# Instructions for the task
Begin at the line containing "На приведенных на" and restate it and each line after it exactly, up to and including the last line below. Leave pictures out.

*** Source data ***

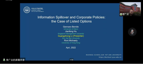 4月21日下午,beat365英国官方网站学术沙龙在腾讯会议平台成功举办。讲座由学院副院长师博教授主持,特邀中山大学商学院院长李广众教授做了题为“Information spillover and corporate policies:the case of listed options”的学术讲座。学院教师和博、硕士研究生等共计200余人参与了本次线上讲座。
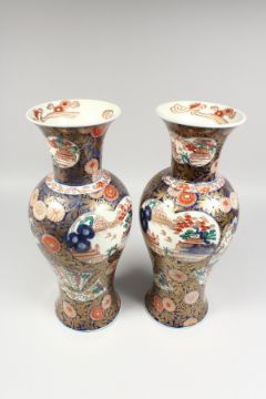 A VERY GOOD PAIR OF SAMSON OF PARIS IMARI PATTERN VASES, rich colours, in gilt, reds and blues.
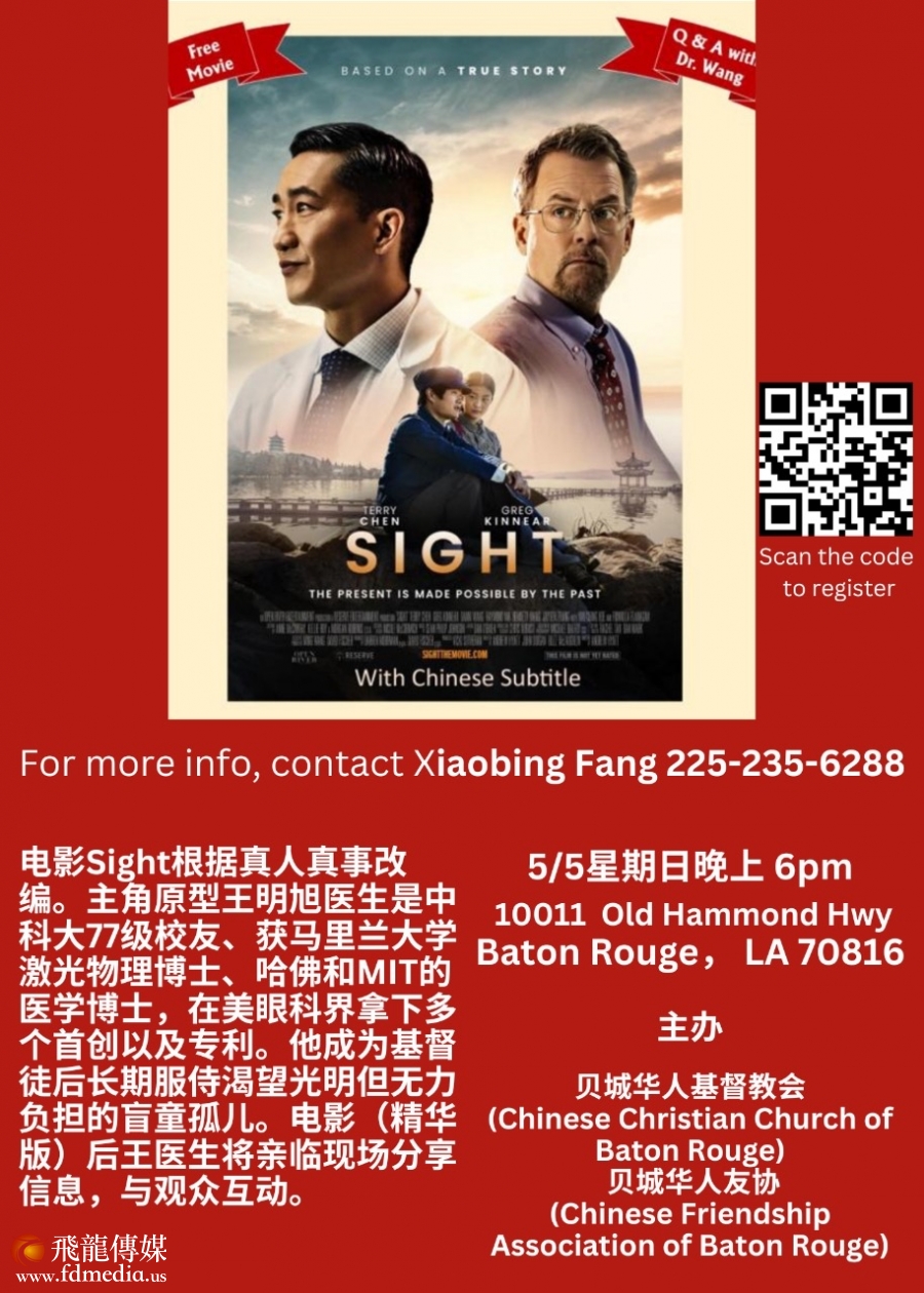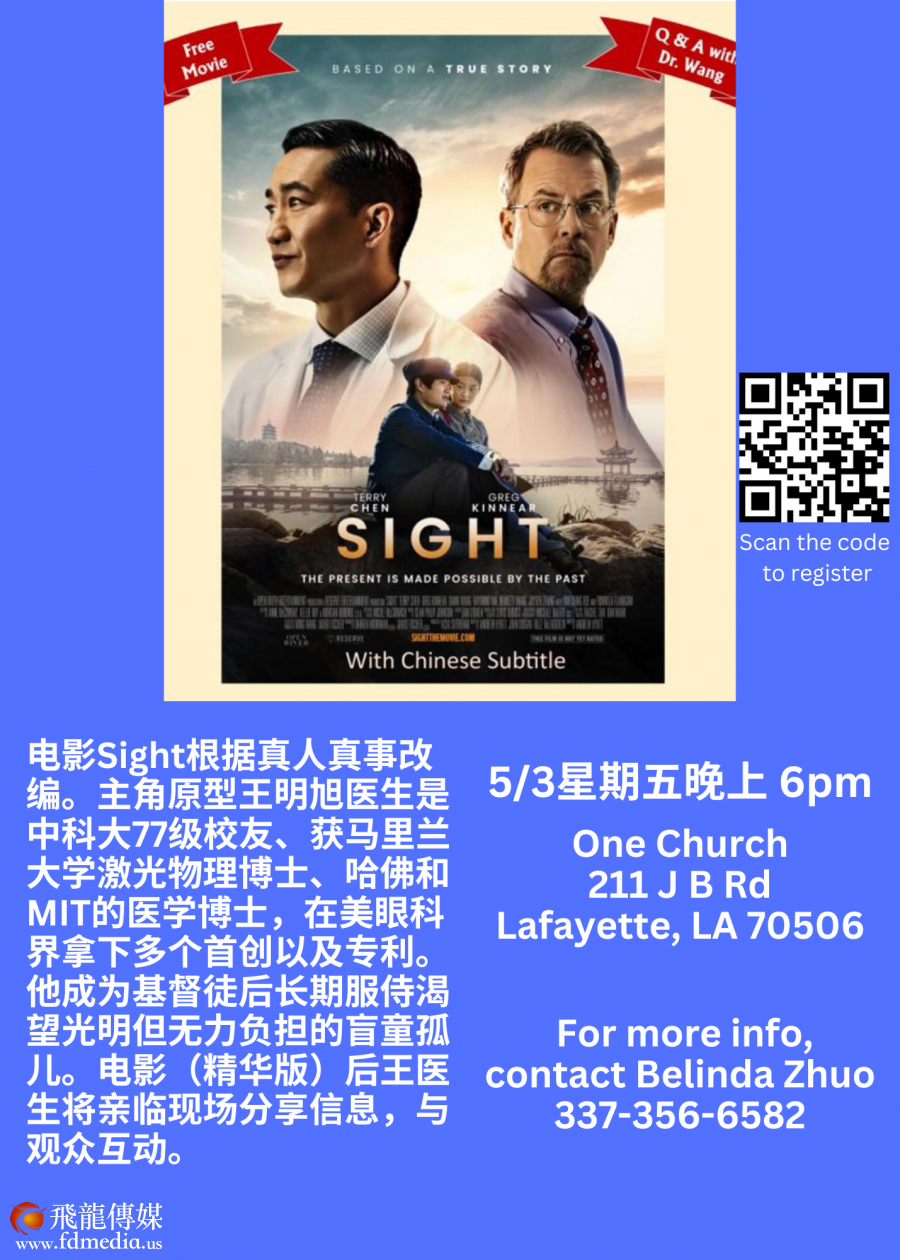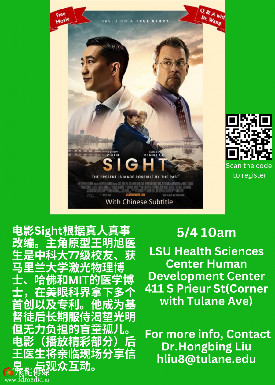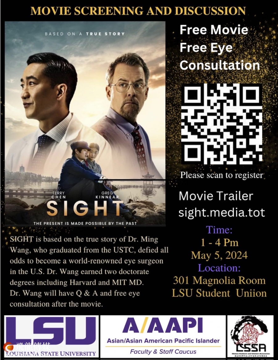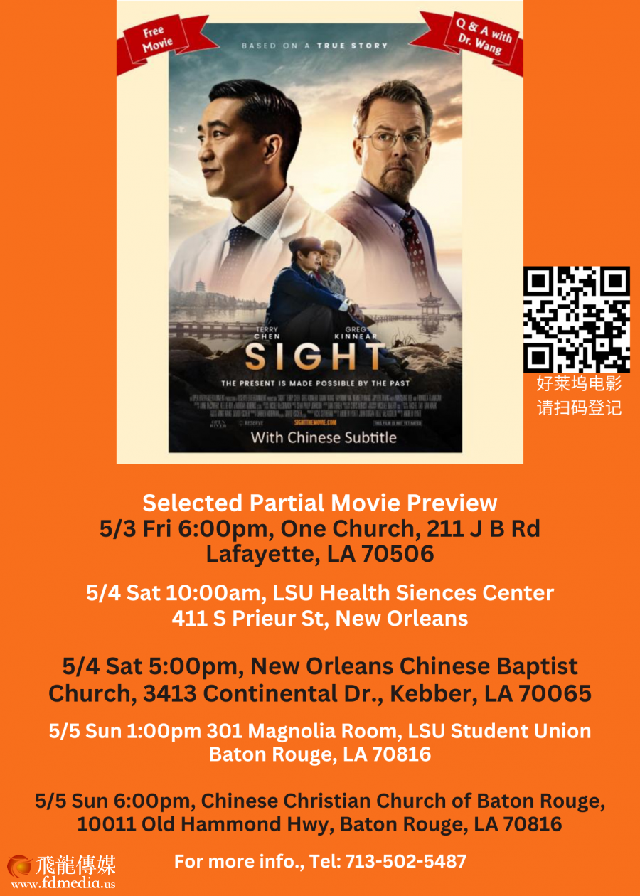 2024年5月3-5日,亚裔月的第一个周末,享誉美国的眼科手术医生王明旭和以他为原型的电影Sight的Sight 电影北美行即将到到达路易斯安那州举行5场和观众见面活动(详情见海报)。这是Sight 第一次到路州,也是全国行的倒数第二站。
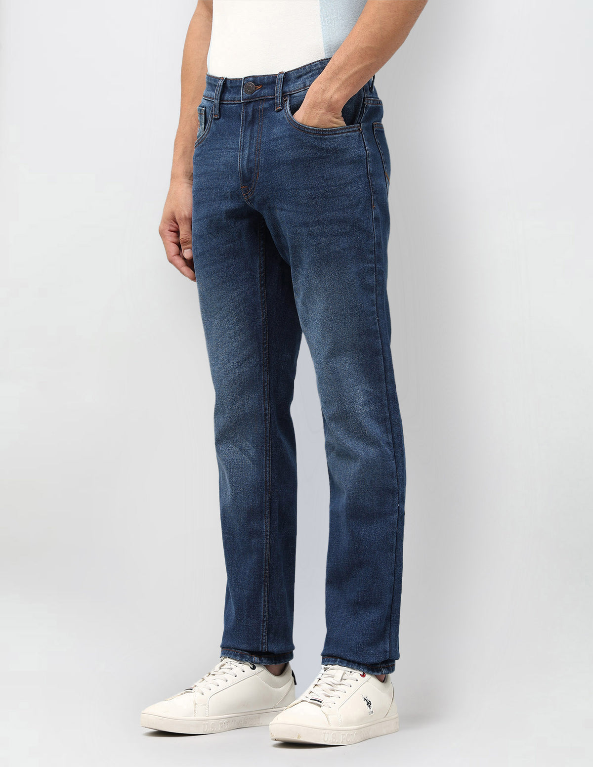 Story: These solid men's jeans offer timeless appeal for casual wear, combining comfort and versatile style effortlessly.
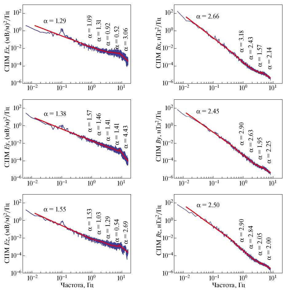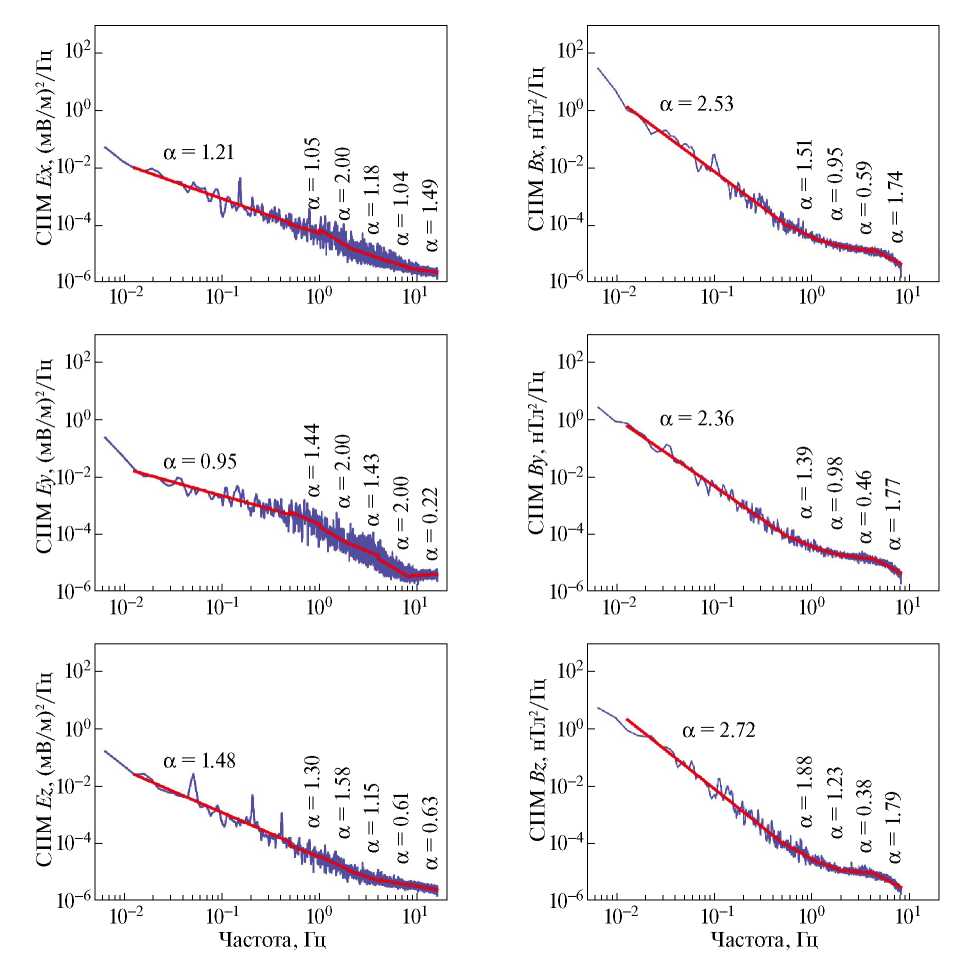 На приведенных на рис. 2 и 4 спектрах наблюдаются степенные участки на частотах ниже 0.5 Гц. Показатели наклона спектров электрического поля значительно отличаются от показателей наклона магнитного поля. При этом различия между спектрами x-, y- и z-компонент незначительны.
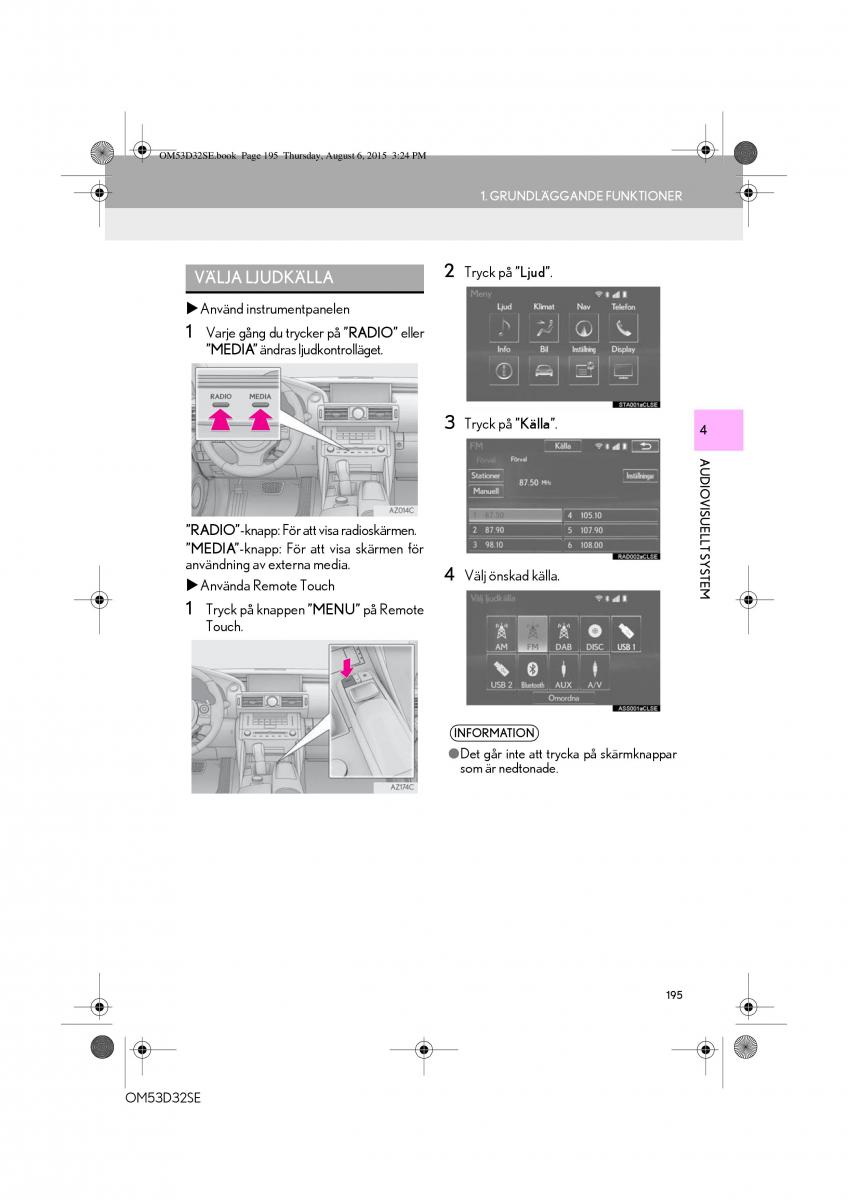 owners manual Lexus IS - year of production: 2013 - Lexus IS300h III 3 instruktionsbok SE
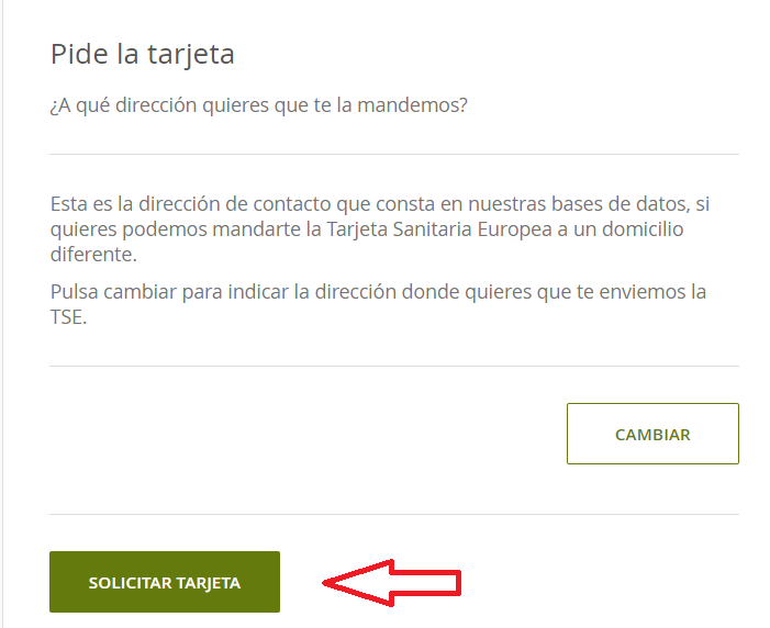 7.- Por último, buscamos tarjeta sanitaria europea y pulsamos en solicitar tarjeta y listo.

***

# Result
 На приведенных на рис. 2 и 4 спектрах наблюдаются степенные участки на частотах ниже 0.5 Гц. Показатели наклона спектров электрического поля значительно отличаются от показателей наклона магнитного поля. При этом различия между спектрами x-, y- и z-компонент незначительны.
 owners manual Lexus IS - year of production: 2013 - Lexus IS300h III 3 instruktionsbok SE
 7.- Por último, buscamos tarjeta sanitaria europea y pulsamos en solicitar tarjeta y listo.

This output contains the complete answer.